-- Dataset extract follows --

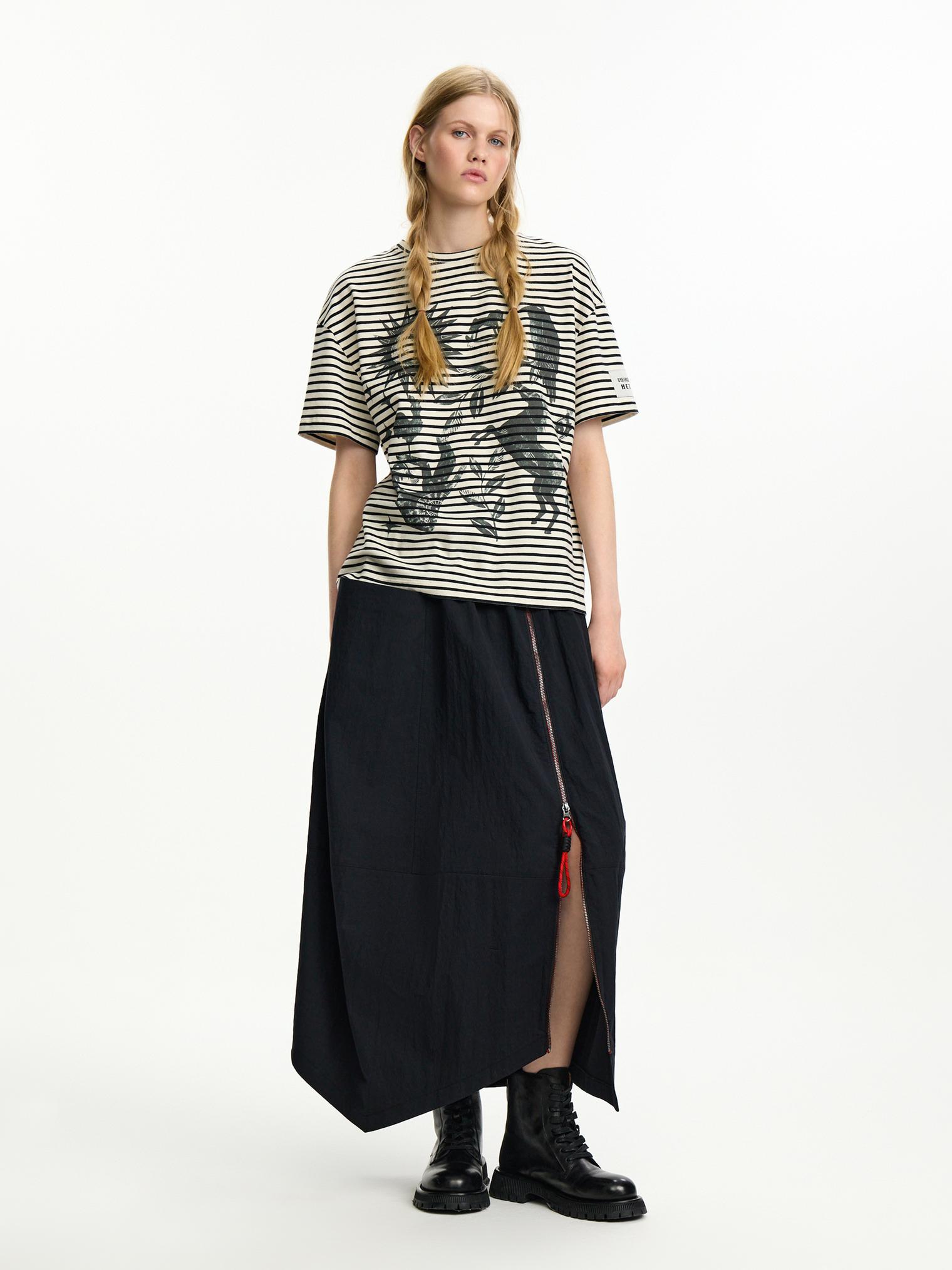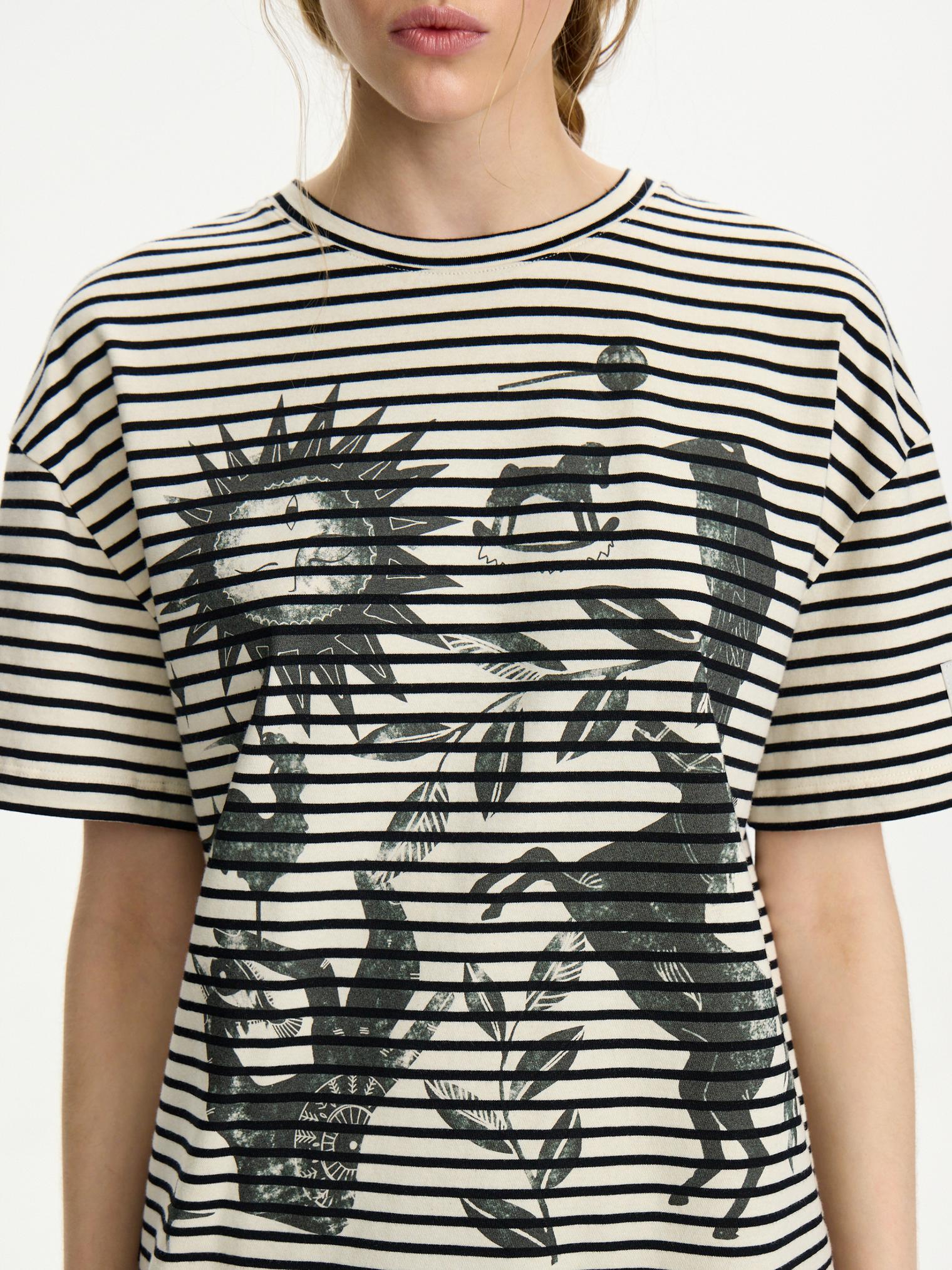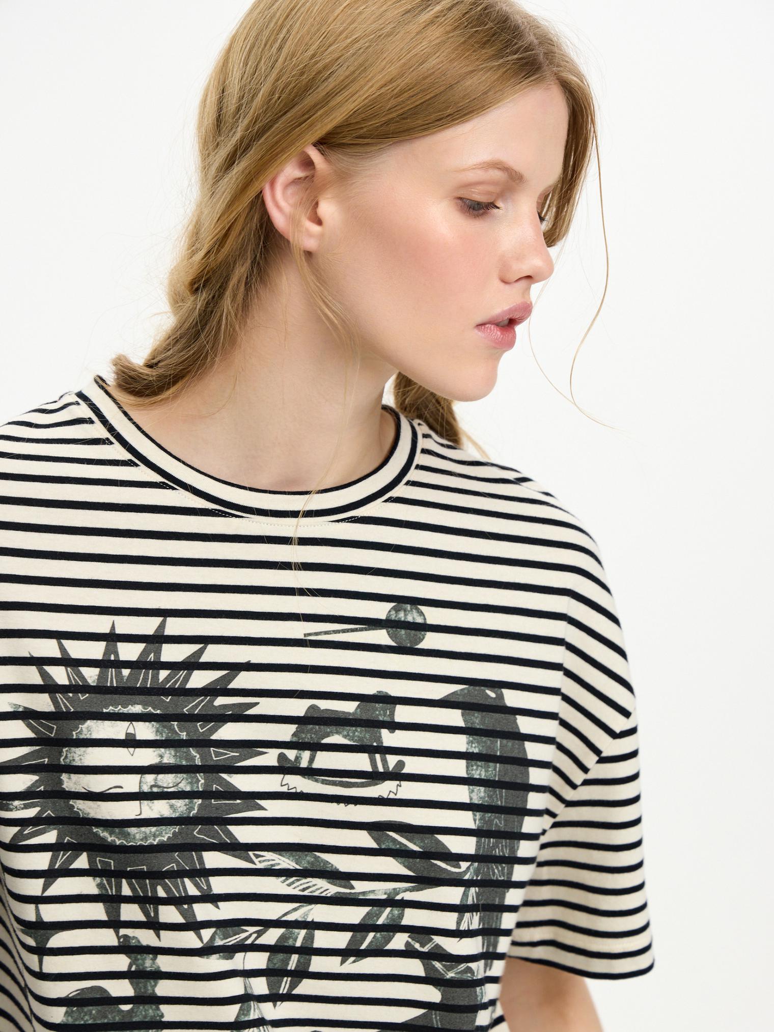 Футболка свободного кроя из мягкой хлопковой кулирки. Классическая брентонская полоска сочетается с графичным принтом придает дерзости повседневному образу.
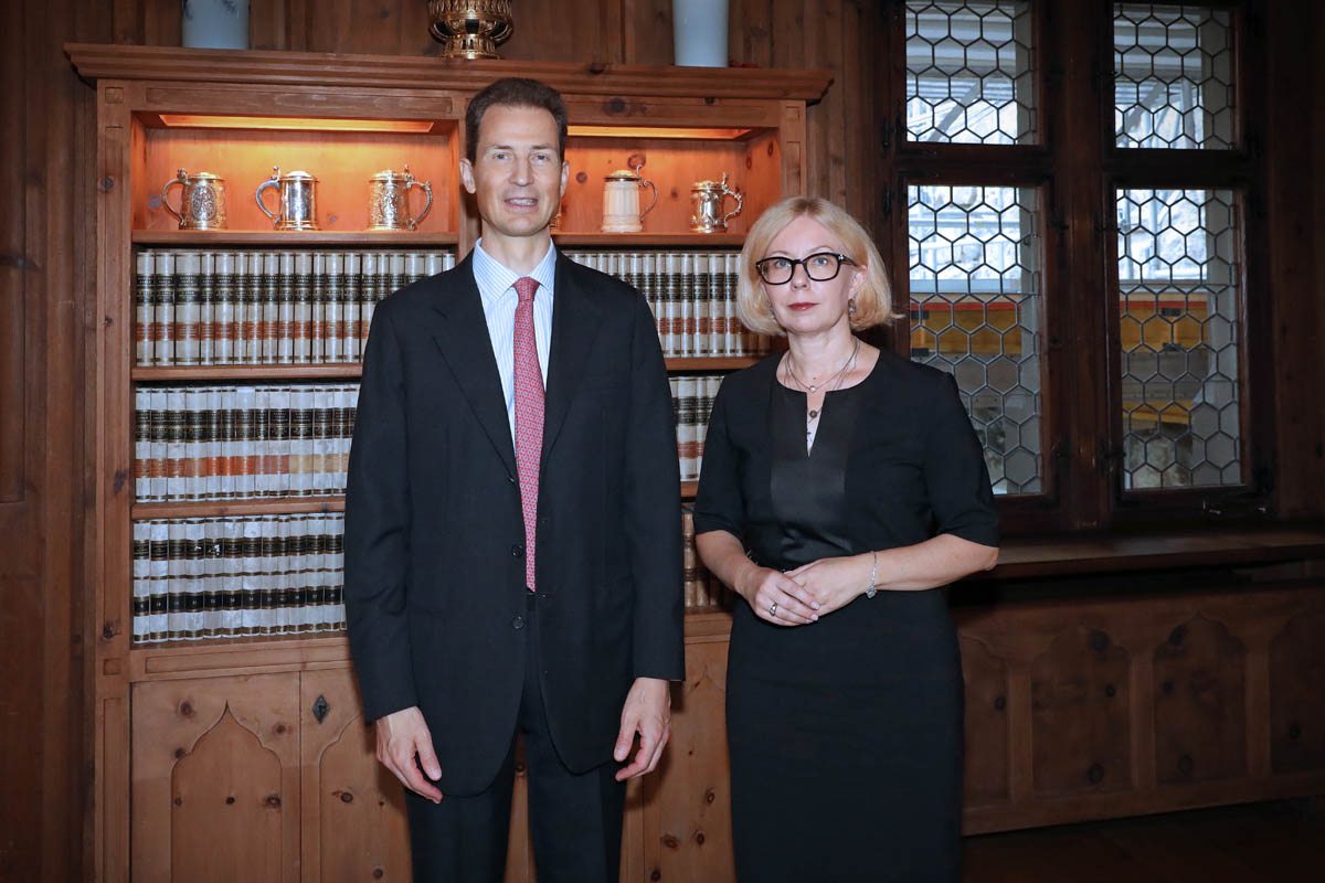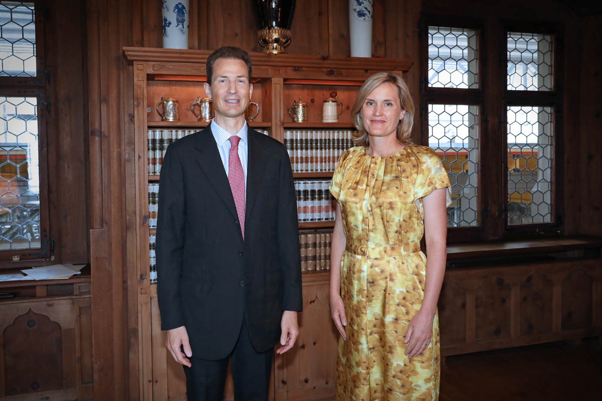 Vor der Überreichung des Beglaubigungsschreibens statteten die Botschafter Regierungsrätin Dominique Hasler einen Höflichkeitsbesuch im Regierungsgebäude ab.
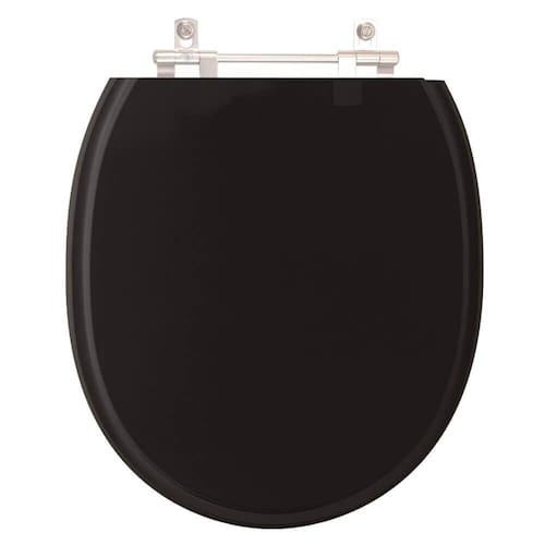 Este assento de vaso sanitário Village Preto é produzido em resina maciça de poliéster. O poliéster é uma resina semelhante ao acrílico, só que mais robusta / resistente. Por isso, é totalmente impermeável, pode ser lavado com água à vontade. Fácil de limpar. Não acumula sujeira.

-- Dataset extract concluded --

Work instructions:
Give back every line of the material above word for word, leaving out the pictures.

Written solution:
 Футболка свободного кроя из мягкой хлопковой кулирки. Классическая брентонская полоска сочетается с графичным принтом придает дерзости повседневному образу.
 Vor der Überreichung des Beglaubigungsschreibens statteten die Botschafter Regierungsrätin Dominique Hasler einen Höflichkeitsbesuch im Regierungsgebäude ab.
 Este assento de vaso sanitário Village Preto é produzido em resina maciça de poliéster. O poliéster é uma resina semelhante ao acrílico, só que mais robusta / resistente. Por isso, é totalmente impermeável, pode ser lavado com água à vontade. Fácil de limpar. Não acumula sujeira.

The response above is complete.